I am trying to plot the following sample data where a plane is worked on for (c_num days (x)) and how much someone works on that plane a day (MTC_Daily_Lbr_percent (y)).I created the below coding where I tried to do curve fit but I am very new to curve fit and Matplotlib. Is there any way to take this data and plot a histogram? I know that its supposed to be a left skewed bell (with maybe another slight upwards motion towards the end date)Also, is there some type of way to have an equation produced? That way I can forecast?
The data was too large so I can putting it in the comments below
import pandas as pd
import numpy as np
import datetime as dt
from datetime import timedelta
from datetime import datetime
from dateutil.relativedelta import relativedelta
import matplotlib.pyplot as plt
from scipy.optimize import curve_fit
from numpy import arange
data={}
df=pd.DataFrame(data)
df1=df.copy()
df1["Tot_Lbr_Hrs"] = df1["Tot_Lbr_Hrs"].astype(float)

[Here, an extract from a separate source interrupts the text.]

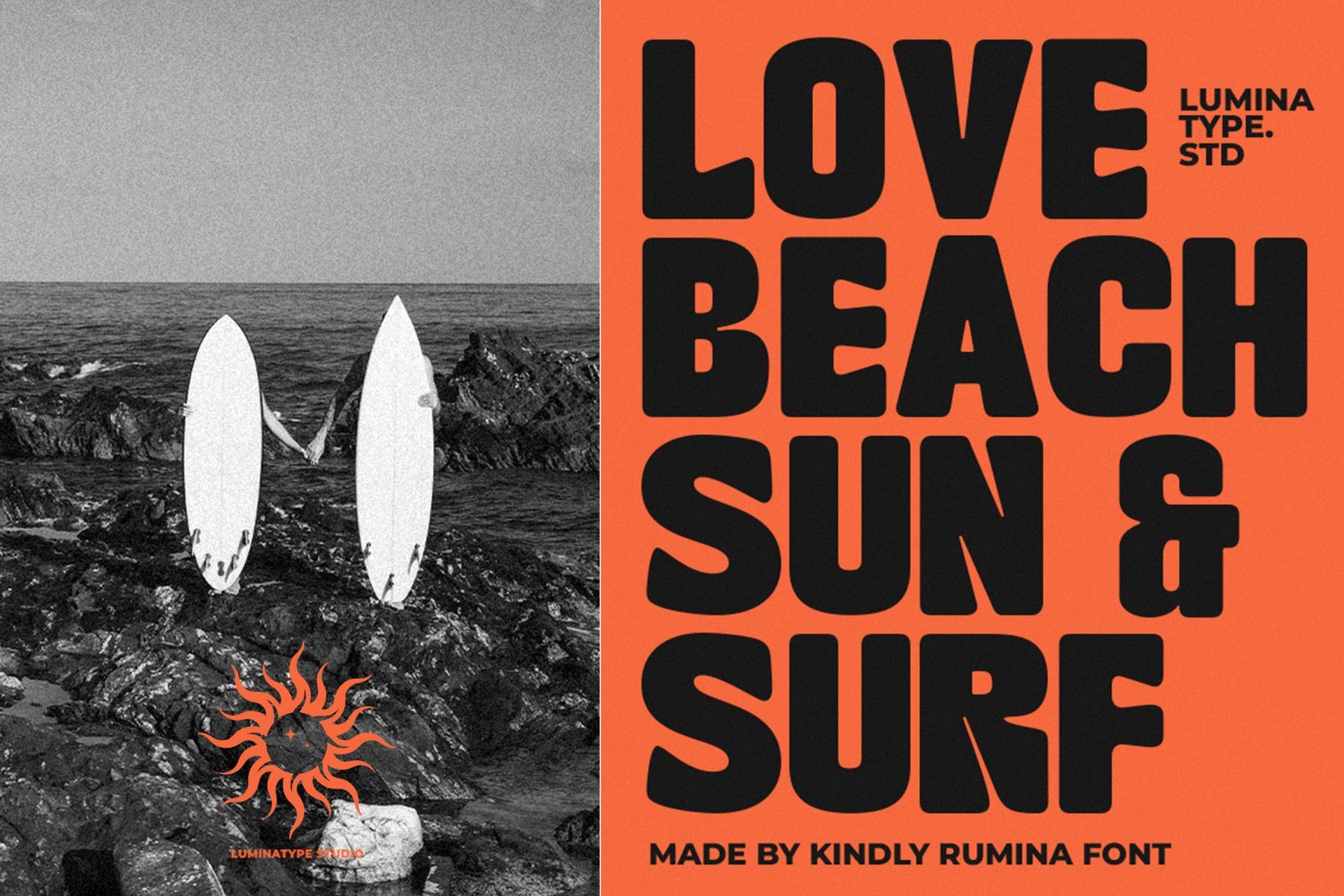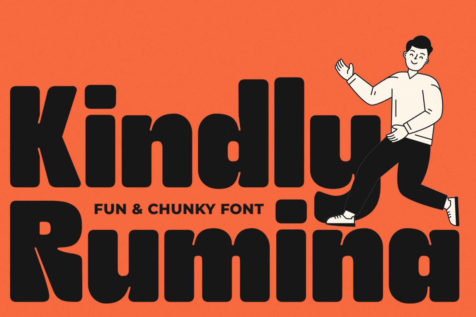 Experience the joy of design with Kindly Rumina Font by Lumina Type Studio. This contemporary fun and chunky display font is crafted to bring a unique flair to your creative projects. Accentuate your designs with this upbeat and robust typeface that easily captures attention while remaining versatile for a myriad of design needs. Discover the dynamism of Kindly Rumina Font, where modern aesthetics meet playful design.

df1["Daily_Tot_Lbr_Hrs"] = df1["Daily_Tot_Lbr_Hrs"].astype(float)
df1["Day_Counter"] = df1["Day_Counter"].astype(int)
df1["MTC_Daily_Lbr_percent"] = df1["MTC_Daily_Lbr_percent"].astype(float)

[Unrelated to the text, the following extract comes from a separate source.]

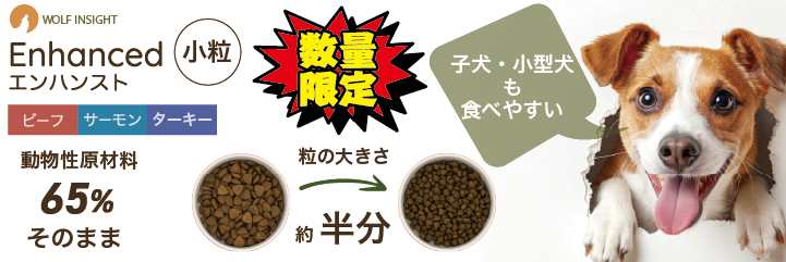 株式会社Pontely(本社:東京都、代表取締役:野上 隆徳)が展開するペットフードブランド「ウルフインサイト」は、このたび「エンハンスト」シリーズに新たに“小粒タイプ”を追加いたします。本製品は、従来品の約半分のサイズとなっており、特に子犬や小型犬にとって噛みやすく、消化しやすい形状に見直しました。さらに、小粒化にあわせて配合しているスーパーフードも見直し、成長期や小型犬の健康に配慮したレシピへと最適化しました。

# c_days: the number of days the plane was getting fixed. removes days from cdays. divide daycounter by the number in cdays
df1['Start_Date'] = pd.to_datetime(df1['Start_Date']).dt.date
df1['End_Date'] = pd.to_datetime(df1['End_Date']).dt.date
df1["c_days"] = (df1["End_Date"] - df1["Start_Date"]) + timedelta(days=1)

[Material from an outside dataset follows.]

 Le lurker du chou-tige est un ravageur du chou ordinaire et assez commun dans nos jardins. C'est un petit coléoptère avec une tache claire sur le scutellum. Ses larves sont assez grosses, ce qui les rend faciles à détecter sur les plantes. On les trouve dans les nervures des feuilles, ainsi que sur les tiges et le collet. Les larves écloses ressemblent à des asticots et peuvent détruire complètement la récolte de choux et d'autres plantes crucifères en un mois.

df1["c_days"] = df1["c_days"].astype(str)
df1['c_num'] = df1["c_days"].str.split(" ", n=1, expand=True)[0].astype(int)
df1['day_normalized']= df1['Day_Counter'] / df1['c_num']
#There are a select few bow where the start/end cdays does not equal the labor days. We are removing those from further analyses
optimal = df1.loc[(df1['day_normalized'] <= 1)]
optimal = df1.loc[(df1['day_normalized'] <= 1)]
xpoints= optimal['day_normalized']
ypoints= optimal['MTC_Daily_Lbr_percent']
plt.scatter(xpoints, ypoints)
plt.show()
x=xpoints.values
y=ypoints.values
# calculate polynomial
z = np.polyfit(x, y, 3)
f = np.poly1d(z)
# calculate new x's and y's
x_new = np.linspace(x[0], x[-1], 50)
y_new = f(x_new)
plt.plot(x,y,'o', x_new, y_new)
plt.xlim([x[0]-1, x[-1] + 1 ])
plt.show()